Ihr Plan sei es, die Umsiedlung im Mai oder Juni abzuschließen, dies hänge aber von der Entwicklung in den Mitgliedstaaten ab. Johansson drang zugleich auf weitere Umverteilungsaktionen. Es gebe in den Flüchtlingslagern auf den griechischen Inseln neben den unbegleiteten minderjährigen Flüchtlingen weitere gefährdete Gruppen.

Besorgt äußerte sich die Kommissarin über die Gefahr einer Ausbreitung des Coronavirus in den Lagern. Die Situation in den Lagern führe für viele Menschen zu inakzeptablen Lebensbedingungen - bereits vor der Coronakrise. Zum Glück gebe es aber in den Lagern bisher keine Coronafälle.

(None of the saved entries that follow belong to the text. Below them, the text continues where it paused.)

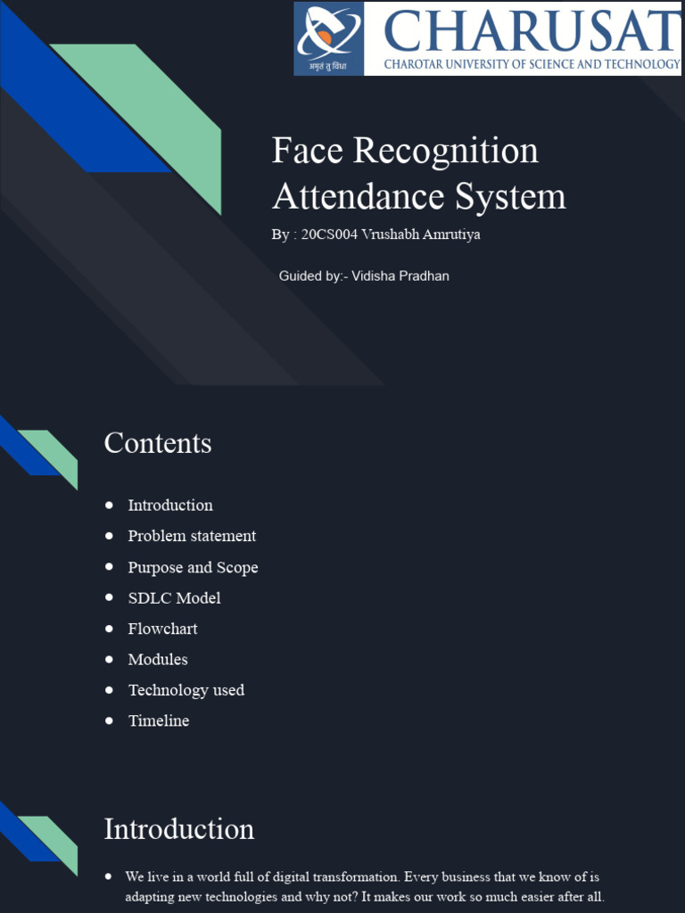 ● All these requirements are set to be fulfilled in my project which is Face Recognition
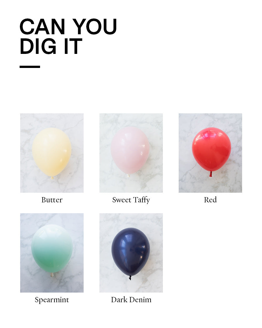 Balloon - butter, spearmint, red, sweet taffy, dark denim
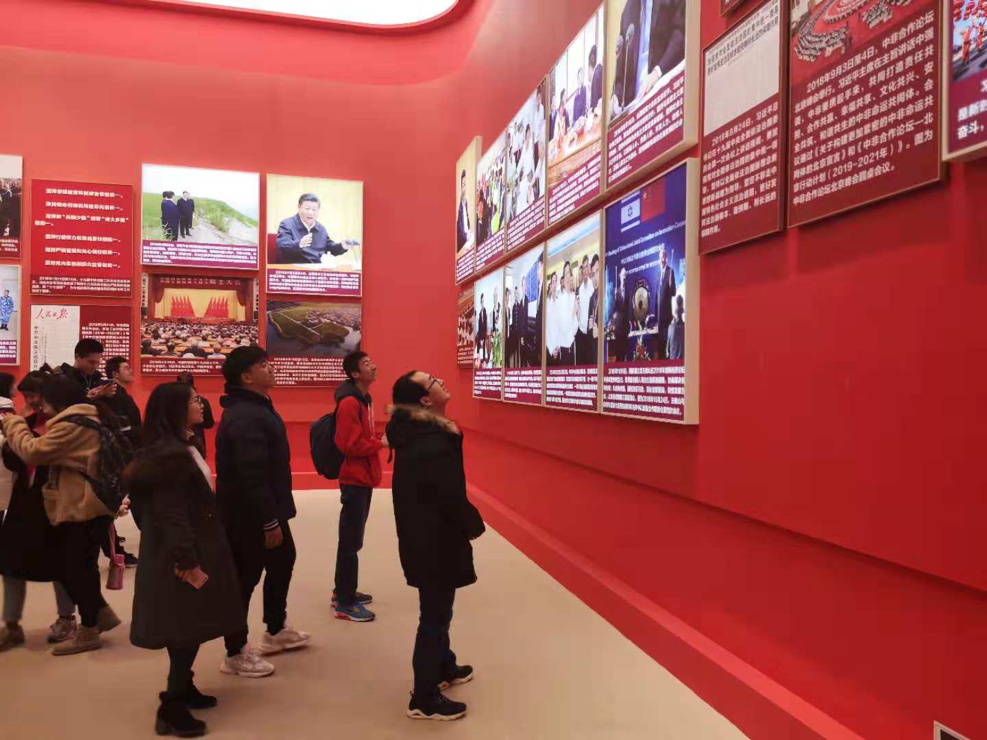 “历史巨变”展厅回顾了以经济建设为中心,建立和完善市场经济体制的伟大实践。“大国气象”展示了科技创新助推强国之梦的历史画卷。四十年来,中国科技事业蓬勃发展,科学技术水平显著提升,为社会主义现代化建设提供了坚强科技支撑。同学们看到一项项先进技术和一件件大国重器,感到欣慰和激动,惊叹于祖国科技的突飞猛进。“面向未来”展厅包含《清明上河图》穷幕影院、“大美中国”长廊和时光博物馆三个主题,时光博物馆中陈列的老物件,勾起了许多往昔的回忆。
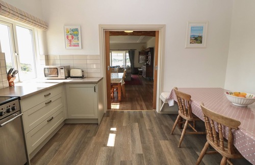 This property has a kitchen with electric oven and hob, microwave, fridge/freezer, dishwasher, utility with fridge and freezer, cloakroom, a living/dining room with dining seating, TV and wood burner (logs not included), and sunroom with access to balcony. The bedrooms consist of a ground-floor king, a ground-floor twin bunk, a king, a twin and cot room, along with a shower room and a ground-floor bathroom. The twin bunks are best suited for children. Outside there is ample off-road parking and a garden with access to a private beach. Please note two well-behaved pets are welcome but sorry, no smoking. Highchair and cot. Fuel, power, bed linen, towels and WiFi included in the rent. Indulge in the breath-taking scenery of Anglesey with a stay at Wig Carna. Note: Property accessed by causeway, when the tide is in you will have to park a short distance from the property. Note: RAF base close by, some associated noise may be heard. Note: Cot room accommodates a baby only. Please note that property can only accommodate week long stays from May through to the end of September.
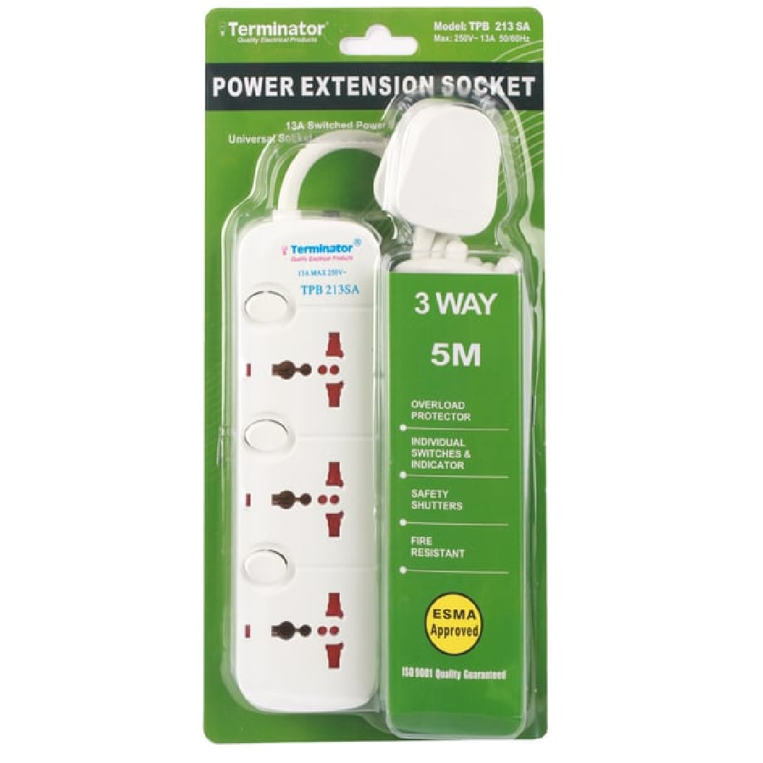 وصلة كهرباء 3 ترميناتور مداخل و مدخلين يو اس بي - 5 متر
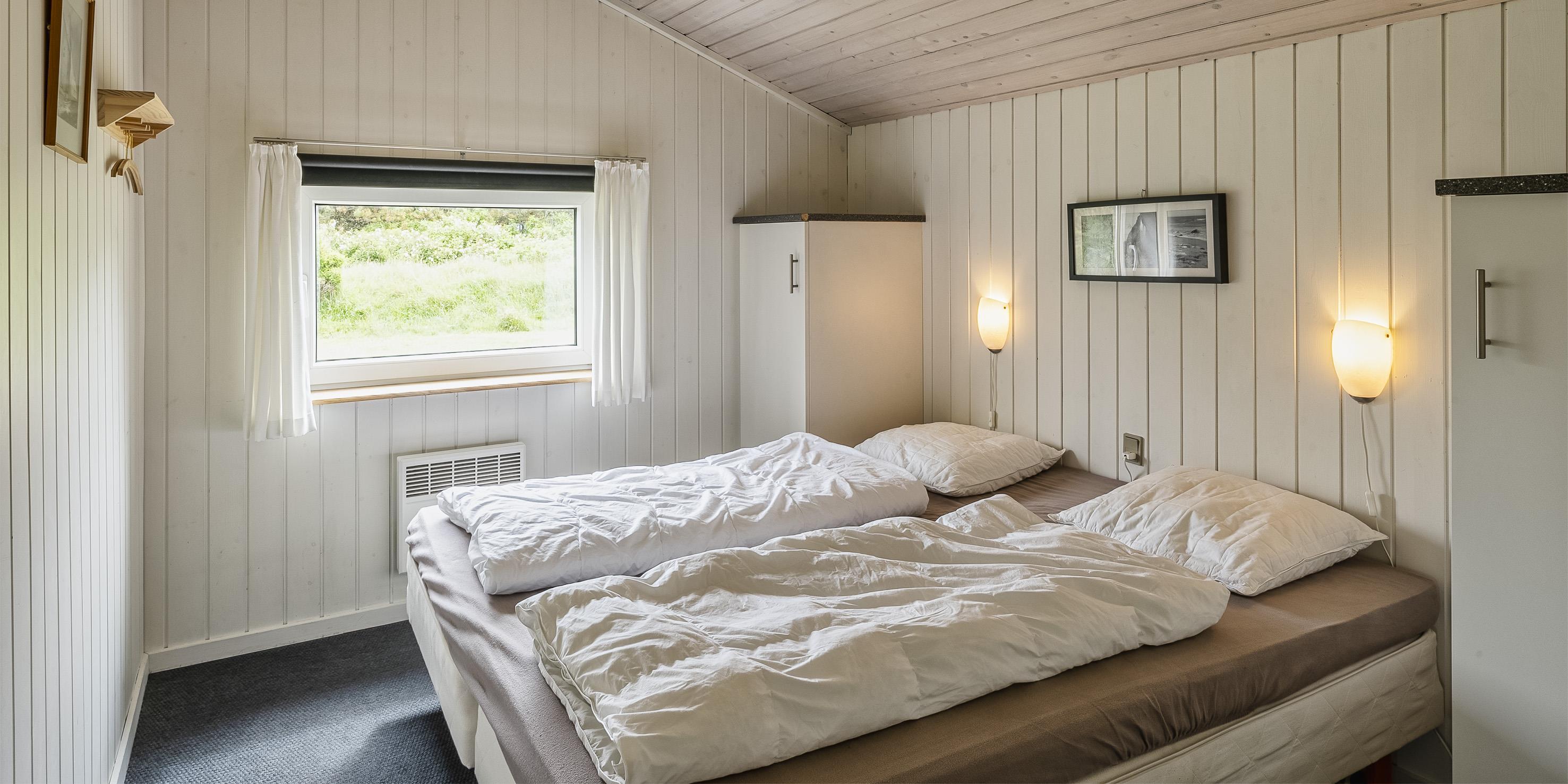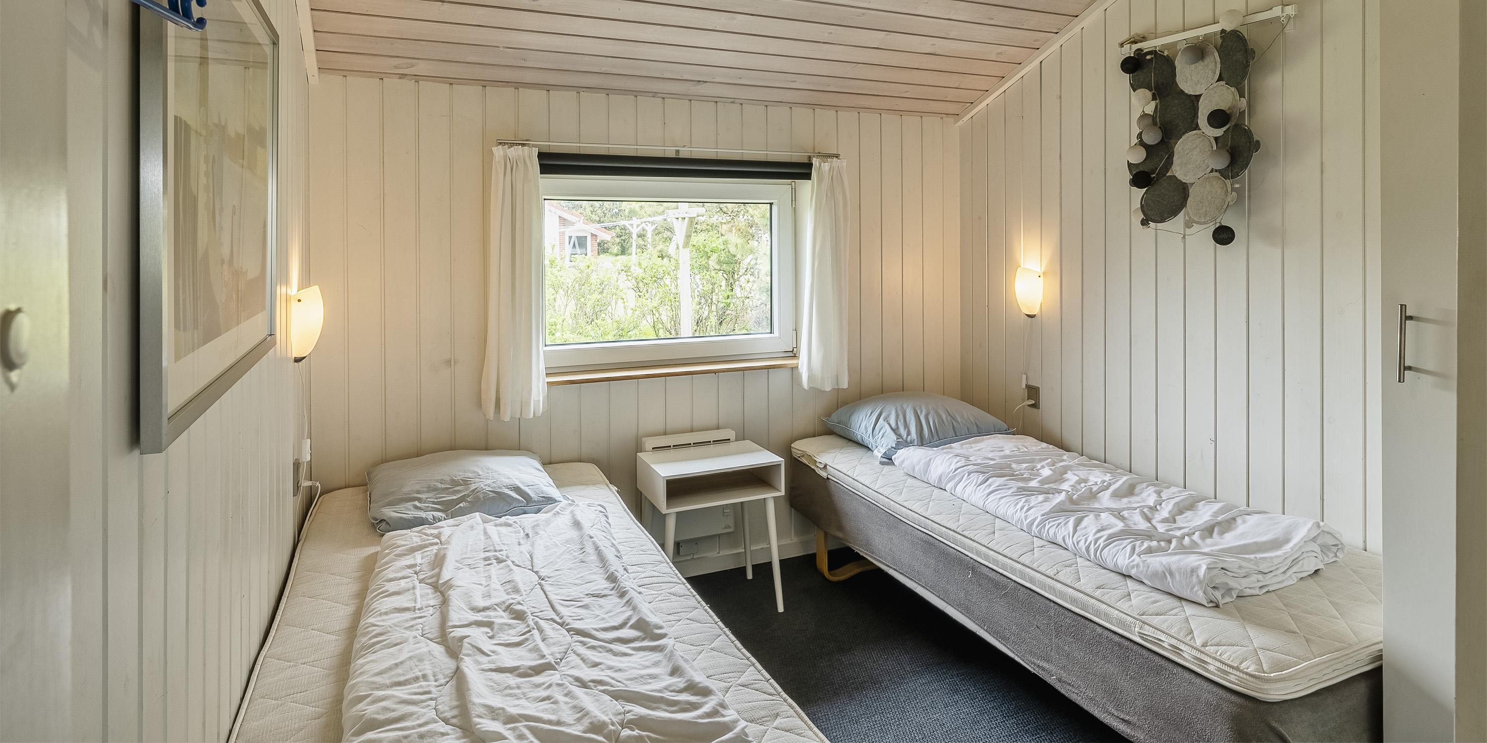3 soveværelser. 1 med dobbeltseng 180x200 cm. 2 med 2 enkeltsenge (á 90x200 cm)

Der deutsche Innenminister Horst Seehofer rief unterdessen die anderen europäischen Staaten auf, ebenfalls unbegleitete minderjährige Flüchtlinge in ihre Länder auszufliegen. „Deutschland hält Wort und zeigt Solidarität“, sagte er der Zeitung „Bild am Sonntag“. Er gehe davon aus, „dass unsere europäischen Partner damit beginnen, ihre Zusagen nun ebenfalls sobald wie möglich umzusetzen“.